Very similar to the architecture this will lay out where we are and where we are going. As a result, each of the phases will break down where wer are at in each of the categories. For more information on each of the categories go to the phase or the architecture page.

Categories:

  • Data gathering
  • Data Cleaning
  • Data set creation
  • Feature Extraction
  • Predictive analysis
  • Recommender System
  • Display

     

    Current Phase:

    • Data gathering

      • Basic scraping from Yahoo

    • Data Cleaning

      • Basic

    • Data set creation

      • Basic level one data set that combines EOD data into a timeseries and normalizes it to a % change statistic

    • Feature Extraction

      • None

    • Predictive analysis

      • None

    • Recommender System

      • Basic – FCNN4R used to Generate a Model for balancing the portfolio in allocation levels. i.e. how much % of total to put into each available asset

      • Basic - A basic performance analyzer function i.e. how much money did we lose today?

    • Display

      • None

    Next Phase feature priority

    • Data gathering

      • Integrating FED data into datasets

      • Integrating second tier assets. i.e. options maybe?

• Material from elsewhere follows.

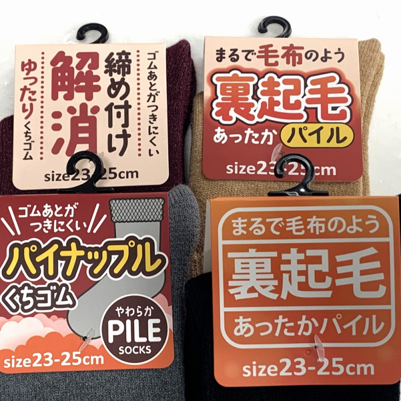 冬の売れ筋、裏起毛+パイル編みのダブルで暖かな靴下です。

      • Dead stock data integration. i.e. failed/name changed companies

        • without this data, it'll be virtually impossible to identify sink holes before landing in them

    • Data Cleaning

      • Ongoing as new data sets are integrated, overlap will need to be identified and removed

    • Data set creation

      • continuing the expansion of the base level daily EOD time series datasets

    • Feature Extraction

      • Nothing specific targetted

    • Predictive analysis

      • Integration of the forecast algorithms provided by Hyndmann

        • forecast R package

    • Recommender System

      • Integrate Global search algorithms such as GA into the portfolio mix. i.e. which assets to include in the portfolio.

      • Refining the performance assessment algorithm.

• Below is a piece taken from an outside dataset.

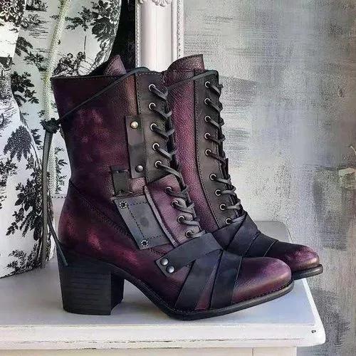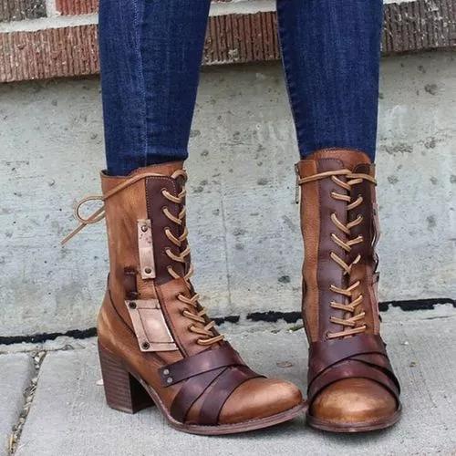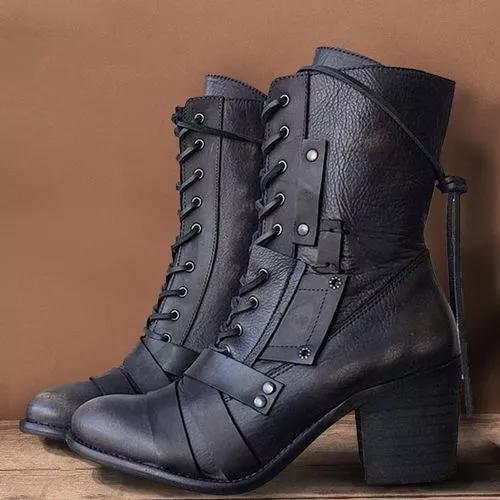 Women's Lace-up Mid-Calf Boots Chunky Heel Boots

        • So many improvements to be made. Really need an trading expert to provide the levers we can pull.

    Target State:

    • Data gathering

      • All available think tank data and respectable data sources integrated

      • Google level data processing power integrated via Hadoop et al?

    • Data Cleaning

      • Redundant and unnecessary data filtered out

      • Map reduce, filtering, normalization etc.

    • Data set creation

      • Full list will be identified as available sets identified.

    • Feature Extraction

      • Also a TBD – has to be identified as data sets are analyzed and experts in those fields/sets identify useful data points worth chasing.

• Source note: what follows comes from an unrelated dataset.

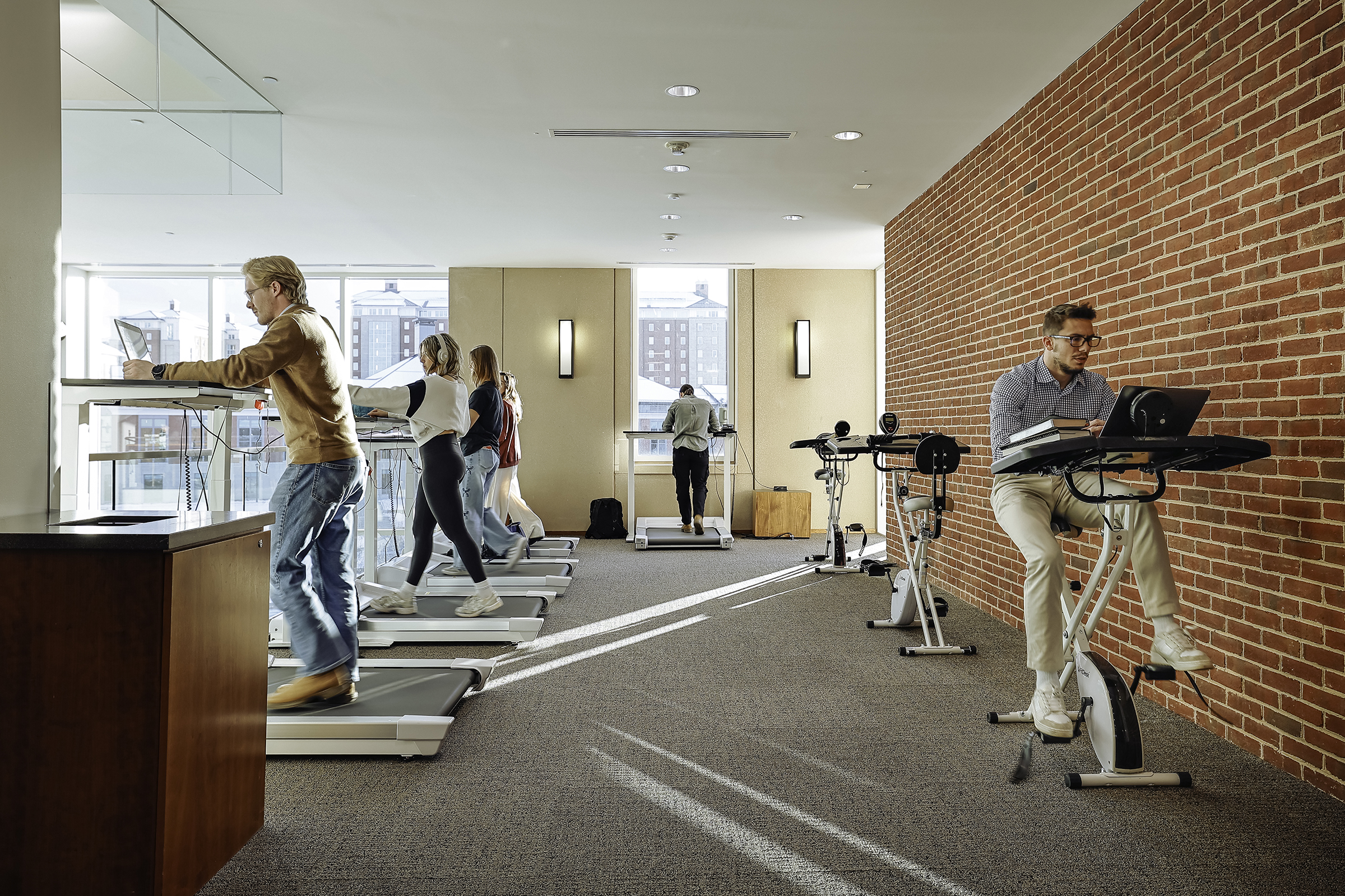 Since its opening in 2014, the Jerry Falwell Library has been known for its innovative design, advanced technology, and unique areas for study, collaboration, and gathering with classmates and friends. In the fall, staff updated outdoor seating, remodeled spaces throughout the building, and added three treadmill desks in the Gallagher Learning Commons on the second floor. The library also offers bicycle desks.

      • Clustering analytics integrated

      • KNN internal to industry and cross industry

        • spend profiles, forecast profiles, debt profiles, any features of a company that can be utilized to generalize performance/changes in performance to other companies

    • Predictive analysis

      • Open to suggestions but most of the forecasting analysis algorythms are pretty strait forward for strait forecasting ANOVA etc. Potential scope is huge though. 5 day forecast for X assets.. gets big quick.

    • Recommender System

      • Parallel NN integration

      • Feedback loops / time series weighted delays identified

      • Global search algorithms integrated as necessary

    • Display

      • Open to suggestions